Last fall, Apartment Insights Washington owner Tom Cain said he was selling to business partners in Phoenix that put out similar reports in other markets. In December, Mike Scott and Patty Dupre announced they were retiring and closing Dupre + Scott for good.

The new Apartment Insights owners plan to put out quarterly reports updating the data Cain has long released, starting with the fourth- quarter statistics used in this story. They are switching to the brand name of Apartment Insights/RealData, but there are no methodology changes. Information from Dupre + Scott will no longer be available.

Among the brand-new buildings in South Lake Union, about one-third of apartments are sitting empty. And in the core of downtown, about two-thirds of newly opened apartments are vacant.

The flood of open apartments in South Lake Union suggests many of the thousands of new workers filing into Amazon’s campus each year are choosing to live in other neighborhoods.

Overall, there are 24,500 apartments under construction now across King and Snohomish counties.
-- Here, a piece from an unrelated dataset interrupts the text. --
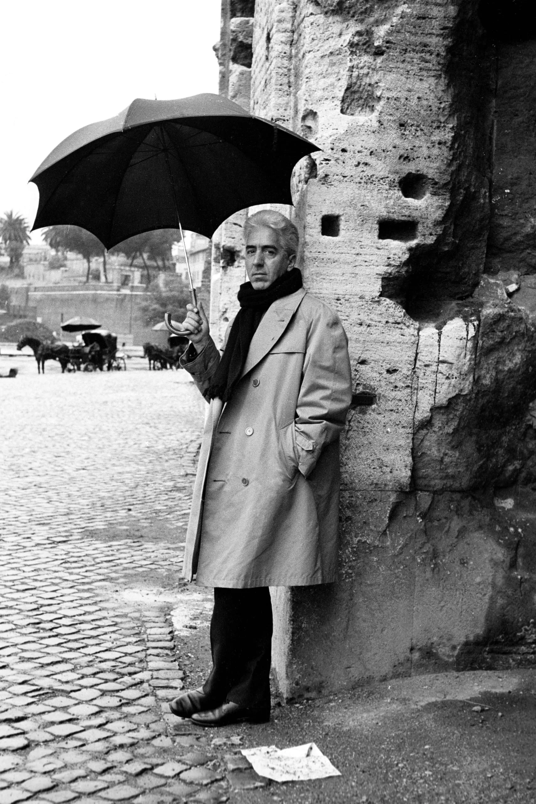 Black and white photograph, full-length portrait of a man in a trench coat leaning against ancient stone ruins, holding an open umbrella over cobblestones
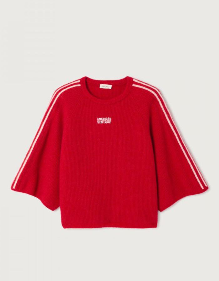 pull Vitow American Vintage, pull carmin chiné femme, pull manches 3/4 femme, pull laine alpaga femme, pull sport rétro femme, maille fluffy American Vintage, pull coupe ample femme, pull iconique AMV

There are an additional 35,000 units in the pipeline, although not all of those will get built.

The city of Seattle is getting more apartments this decade than in the prior 50 years combined. For the Puget Sound region as a whole, the current construction frenzy rivals the record apartment boom from the late 1980s, which was centered in the suburbs.

A separate Apartment Insights/RealData report found the average rent across Pierce, Kitsap and Thurston counties was just under $1,200 per unit in the fourth quarter. Rents in those areas were up slightly from the previous quarter and grew 7.8 percent from the previous year, indicating the South Sound rental market is now significantly hotter than King County, even as it remains a much more affordable option.

The rental slowdown runs counter to the for-sale housing market, where home prices continue to shoot up unabated at the fastest rate in the country. A key difference is that there are very few new single-family homes being built in the region, in contrast to the frenzy of apartment construction.